SUJ 10

1.9K 103 4
                                    

Tempat sederhana itu selalu menjadi incaran pertama kebanyakan mahasiswa. Ralat, bukan hanya mahasiswa tapi juga para masyarakat kampus lainnya. Wajar, jam-jam segini tempat yang menimbulkan aroma harum mengundang rasa lapar ini memang selalu ramai dikunjungi banyak orang. Kantin dengan beragam macam nama itu kini sudah begitu ramai. Teriakan para pembeli yang tidak sabaran beradu dengan teriakan penjual di kantin yang juga sibuk dengan uang kembalian dan pesanan para pelanggannya.

Ketiga gadis itu mengedarkan pandangannya melihat dimana tempat kosong. Resiko datang ke kantin mendekati dzuhur memang seperti ini. Besar kemungkinan tidak kebagian tempat duduk. Hingga kemudian, mata Haifa melihat ada bangku kosong. Tanpa meminta persetujuan kedua sahabatnya, Haifa langsung menarik tangan kedua sahabatnya itu menuju tempat tersebut.

"Biar aku yang jaga tempatnya, Hasna pesenin makanan dan Haifa pesenin minuman." Ucap Hilya cepat. Dia malas harus berdesak-desakkan dengan pembeli lainya apalagi harus antri.

Hasna tersenyum mengiyakan.

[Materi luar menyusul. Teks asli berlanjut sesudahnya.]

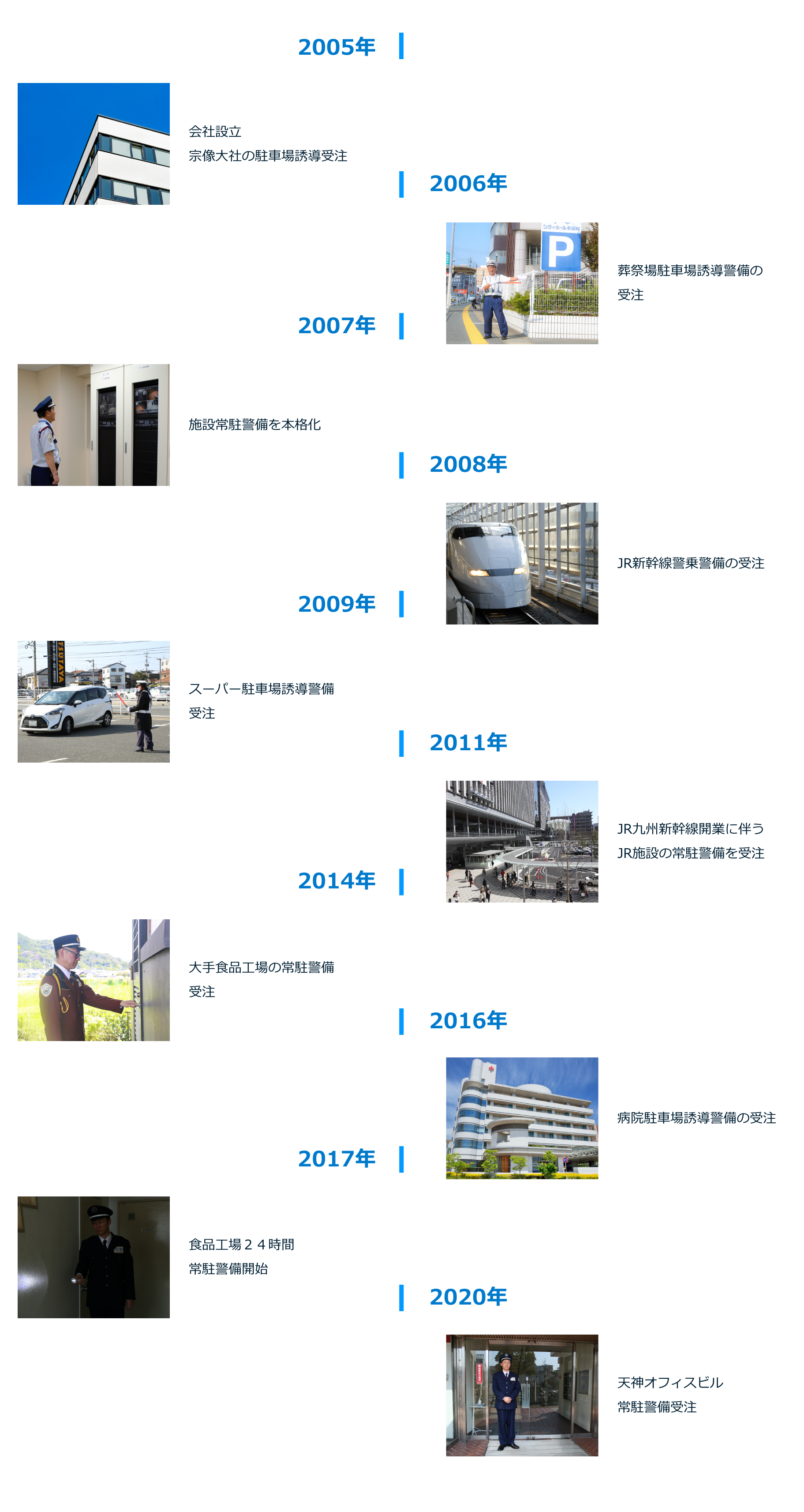 2005年福岡市東区に会社設立し、以来「ホスピタリティの精神」をモットーに、お客様の立場に立った謙虚な姿勢で警備業務を遂行しています。
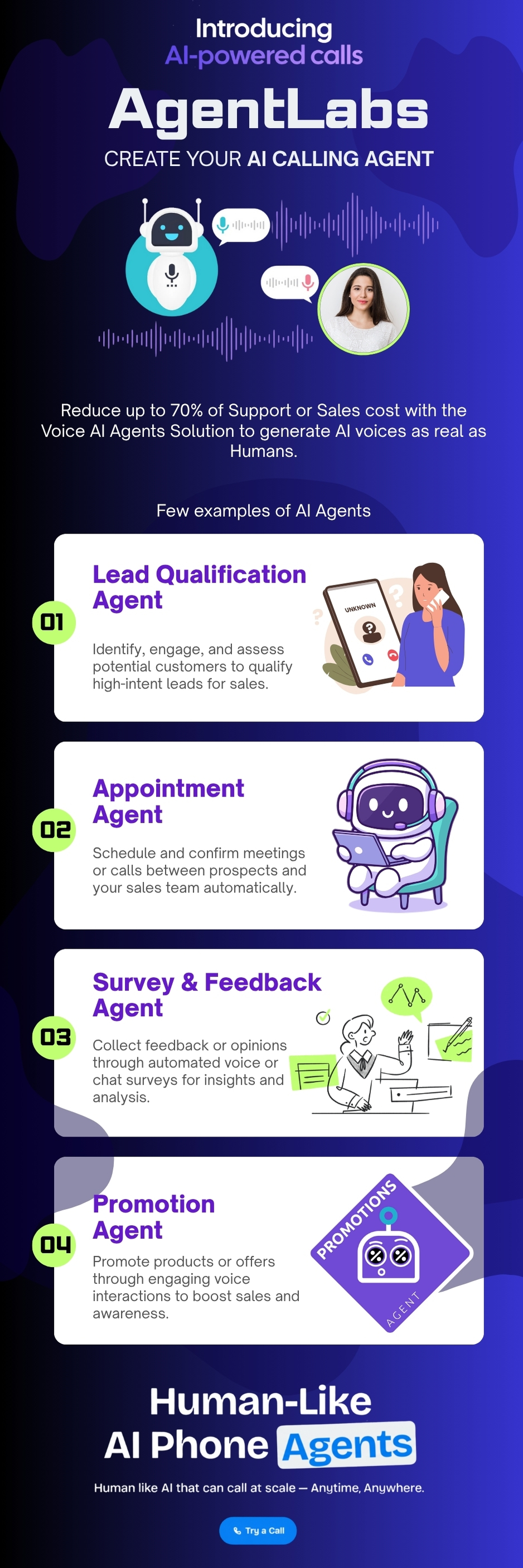AgentLabs is a cutting-edge, enterprise-grade bulk calling platform that mixes the ability of Twilio’s dependable telephony infrastructure with ElevenLabs’ ultra-realistic AI voice synthesis. Constructed for companies that have to scale their voice communications, AgentLabs lets you conduct hundreds of automated calls with pure, human-like conversations that have interaction and convert.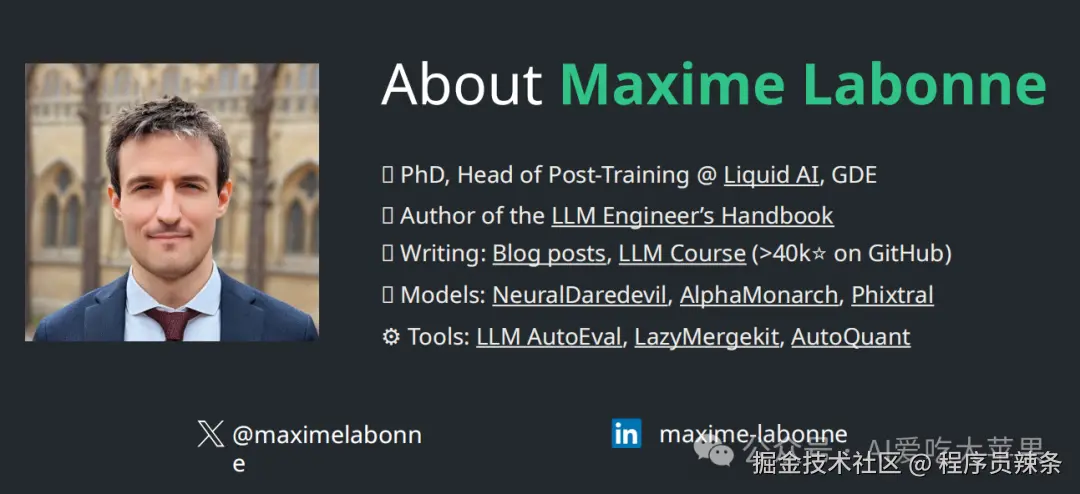 - 他对开源社区有不少贡献,比如写博客、微调模型、开发模型合并/评估工具等。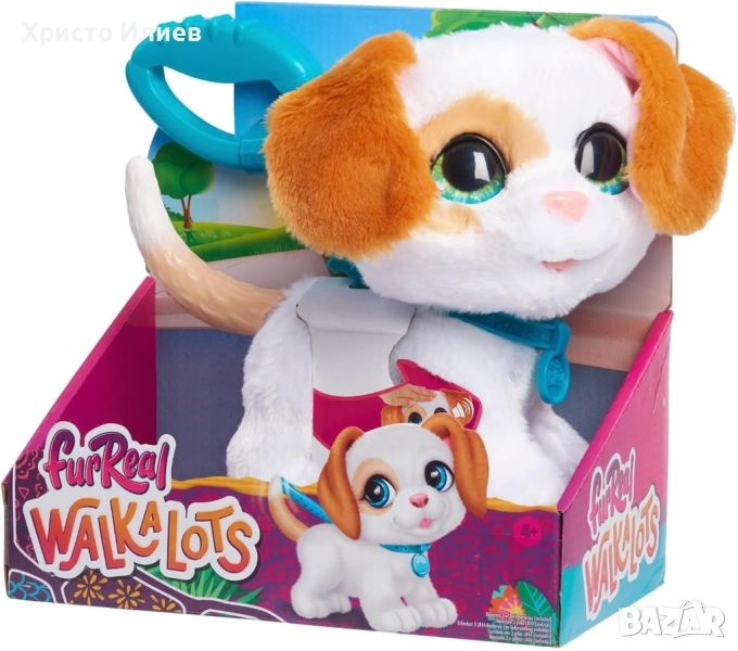 Колко е забавно на разходка с домашен любимец! Това сладко куче с каишка за разходка радостно върти опашка и издава различни звуци. Играй с него у дома, а след това го изведи на разходка. Домашните любимци FurReal Walkalots имат свързани каишки, с които можеш да разхождаш едновременно няколко животни.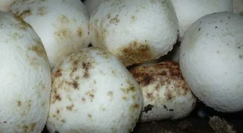 По време на промишленото отглеждане, спори на мухъл може да са попаднали в гъбите, които са останали незабелязани, докато не са били изложени на благоприятна среда. Ако условията за съхранение не са спазени, в топла и влажна среда, спорите на мухъла започват да се размножават, прониквайки в месестата част, което води до видим мъх по повърхността.

Sedangkan Haifa memberengut sebal. Dia malas harus antri lama di tempat minuman langganan Hilya.

"Pesen minumnya di tempat Bu Harti aja ya? Samaan kayak Hasna." Bujuk Haifa dan langsung mendapat gelengan Hilya.

"Aku maunya minum es jeruk kunci milik Pak Har. Kamu juga kan, Na?" Haifa mendelik sebal pada Hasna yang juga mengiyakan.

"Ramai banget, Ya. Bisa-bisa pegel nanti." Keluh Haifa.

"Bakalan tambah pegel kalau kamu kelamaan disini Fa. Semakin cepat semakin bagus." Kata Hilya santai sembari tersenyum lebar. "Na, aku pesen nasi ayam rica-rica ya."

"Kamu gimana, Fa? Kelamaan sebal sama Hilya juga gak akan buat dia urung buat pesen minuman langganannya."

Haifa menghela nafasnya. "Aku siomay aja deh." Hasna mengangguk lalu segera ke tempat langganan mereka. Sedangkan Haifa berjalan ke tempat minumanan langganan Hilya.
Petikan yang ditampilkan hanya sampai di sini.